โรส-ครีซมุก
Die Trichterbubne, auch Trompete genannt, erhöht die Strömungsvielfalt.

...

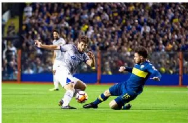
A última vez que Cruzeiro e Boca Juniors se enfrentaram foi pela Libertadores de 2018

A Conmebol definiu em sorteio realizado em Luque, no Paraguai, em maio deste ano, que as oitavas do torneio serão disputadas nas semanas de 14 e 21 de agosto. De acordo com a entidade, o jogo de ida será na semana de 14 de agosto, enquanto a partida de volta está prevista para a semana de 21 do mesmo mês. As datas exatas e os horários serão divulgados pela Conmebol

Your objective »
In the data above, find the line with "A última vez" and the line with "A Conmebol definiu". Retype both, plus every line between them, exactly.

Solution to the problem »
A última vez que Cruzeiro e Boca Juniors se enfrentaram foi pela Libertadores de 2018

A Conmebol definiu em sorteio realizado em Luque, no Paraguai, em maio deste ano, que as oitavas do torneio serão disputadas nas semanas de 14 e 21 de agosto. De acordo com a entidade, o jogo de ida será na semana de 14 de agosto, enquanto a partida de volta está prevista para a semana de 21 do mesmo mês. As datas exatas e os horários serão divulgados pela Conmebol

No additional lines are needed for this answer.